Since i < 0, the condition i >= 0 and nums1[i] > nums2[j] is false,
so we always take elements from nums2:

  • nums1[2] = 6
  • nums1[1] = 5
  • nums1[0] = 2

Final nums1 = [2, 5, 6].

6.3. All elements in nums2 are smaller

nums1 = [4, 5, 6, 0, 0, 0]
m = 3
nums2 = [1, 2, 3]
n = 3

You’ll end up filling nums1 from the back with [6, 5, 4, 3, 2, 1] in reverse,
but because we’re going from the end and comparing correctly, the final array will still be [1, 2, 3, 4, 5, 6].

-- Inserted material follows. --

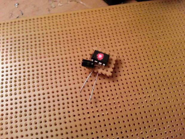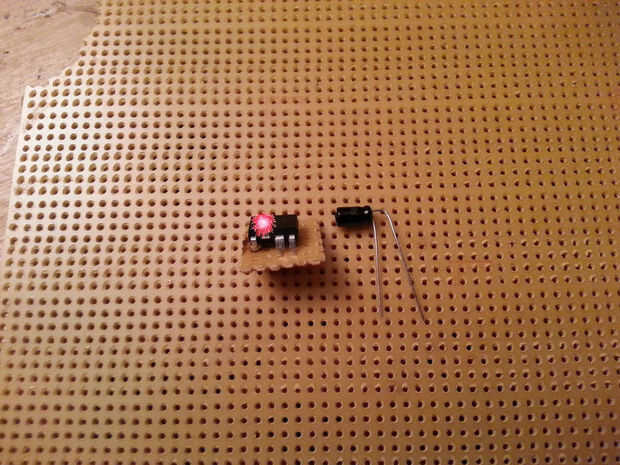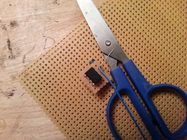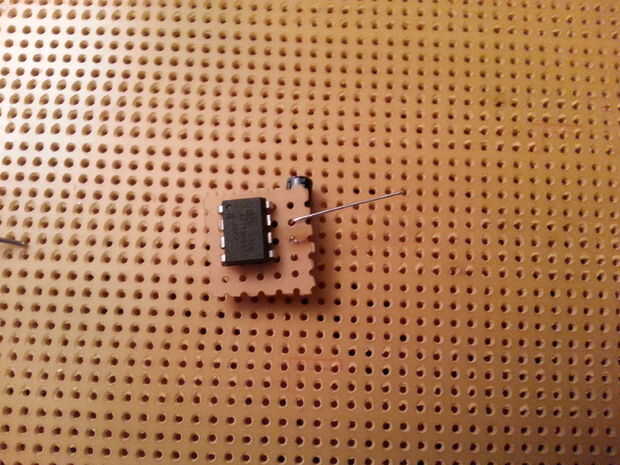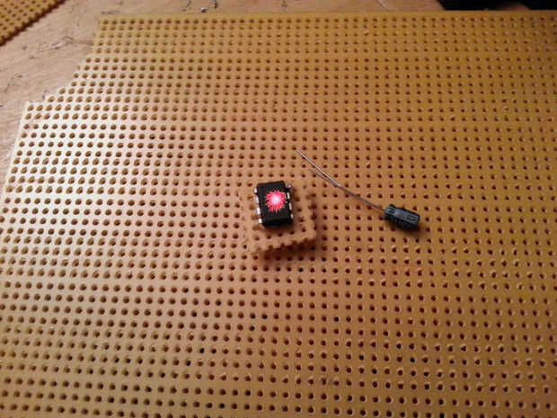 Añadamos un condensador a la mezcla para la diversión. Se sienta en el mismo lado que el circuito de audio con el doblado de pata larga y conectado al pin 3 del chip de sonido con un poquito de soldadura.

7. Time and Space Complexity

7.1. Time Complexity

We process each element at most once:

  • Each iteration moves k one step to the left.
  • Each iteration also moves either i or j.

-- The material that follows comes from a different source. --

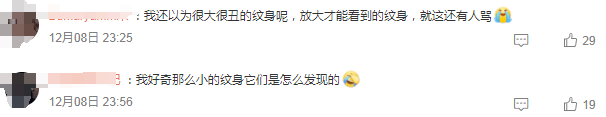 挺多路人也觉得没什么,“这也算纹身?我哪破了结痂了是不是也算”、“不知道的还以为她纹了大花臂呢,就这么一个小笑脸也值得说,真是闲的”、“我还寻思哪有纹身呢,原来就这么点,真够无聊的”。

So the total number of iterations is at most m + n.

$\text{Time Complexity} = O(m + n)$

7.2. Space Complexity

We only use a few extra integer variables (i, j, k):

  • No extra arrays
  • No additional data structures

$\text{Space Complexity} = O(1)$

This fully satisfies the in-place constraint.

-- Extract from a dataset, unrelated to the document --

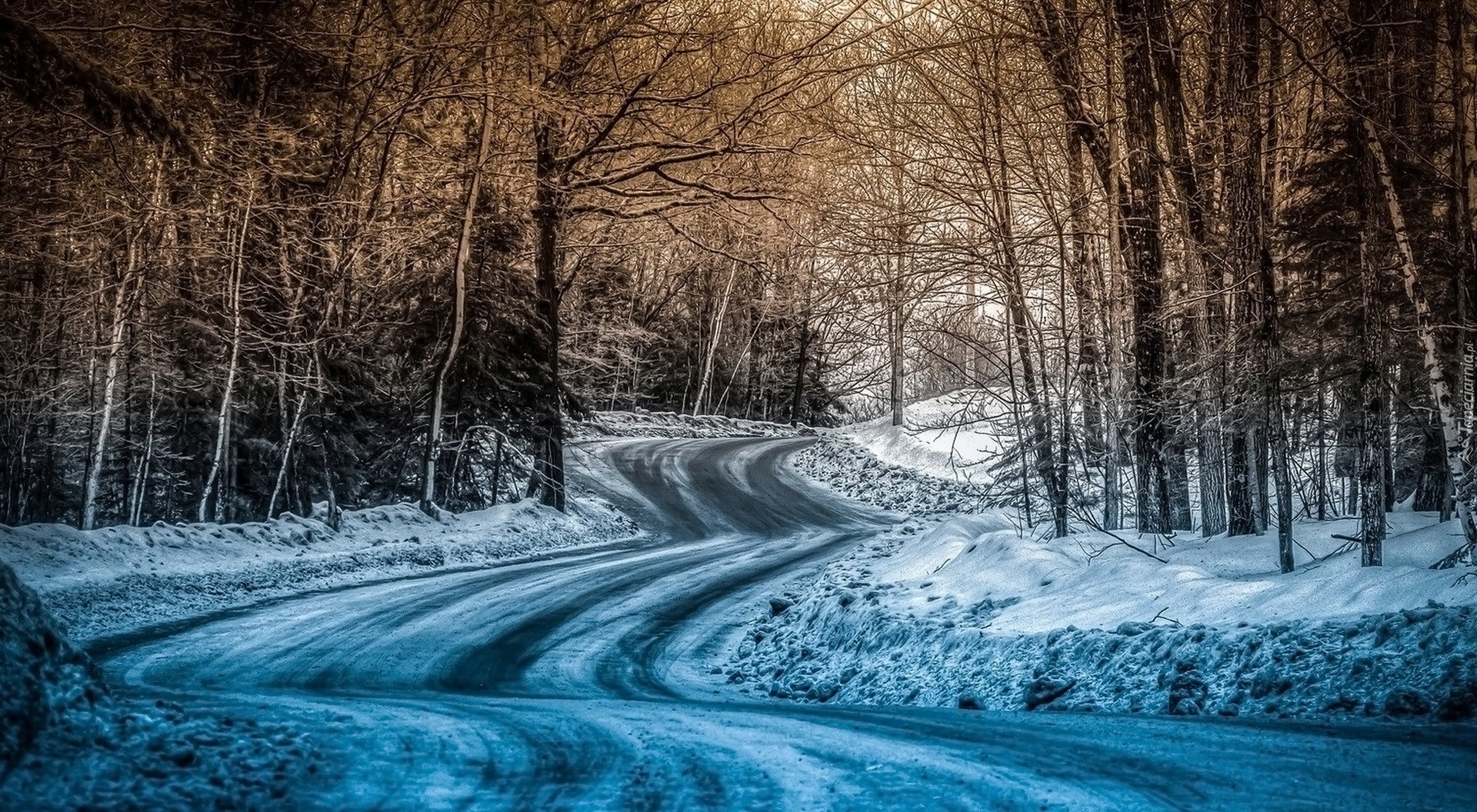 Edytor tapety: Zima, Las, Droga

8. Common Pitfalls in Interviews

8.1. Forgetting the In-Place Requirement

A very common wrong answer is:

result = sorted(nums1[:m] + nums2)
return result

Even if it “works” in a normal environment, it fails this LeetCode problem and typically gets rejected in interviews because:

  • It uses extra O(m + n) space.
  • It does not modify nums1 in-place.

8.2. Merging from the Front and Shifting

Some candidates try to insert elements from nums2 into the front of nums1 and shift elements to the right one by one.

This leads to:

  • Complicated code
  • Potential bugs with indices
  • Often O(n^2) time in the worst case

The three-pointer backward merge is cleaner and optimal.

8.3. Off-by-One Errors with Indices

Pay attention to:

  • i = m - 1
  • j = n - 1
  • k = m + n - 1

Using m, n, or m + n directly as indices is a typical source of bugs.

8.4. Returning the Array

This function is void in many languages (e.g., void in C++/Java, None in Python).
The correct behavior is:

  • Modify nums1 in-place
  • Do not return anything

On LeetCode, the platform checks the content of nums1 after the function runs.


9. Interview Takeaways

LeetCode 88 is more than just “merge two arrays”:

  • It’s a textbook example of:
    • In-place operations
    • Two/three-pointer techniques
    • Respecting time and space constraints
  • It trains you to:
    • Think from the end instead of always from the beginning
    • Exploit the structure of the input (sorted arrays + extra space)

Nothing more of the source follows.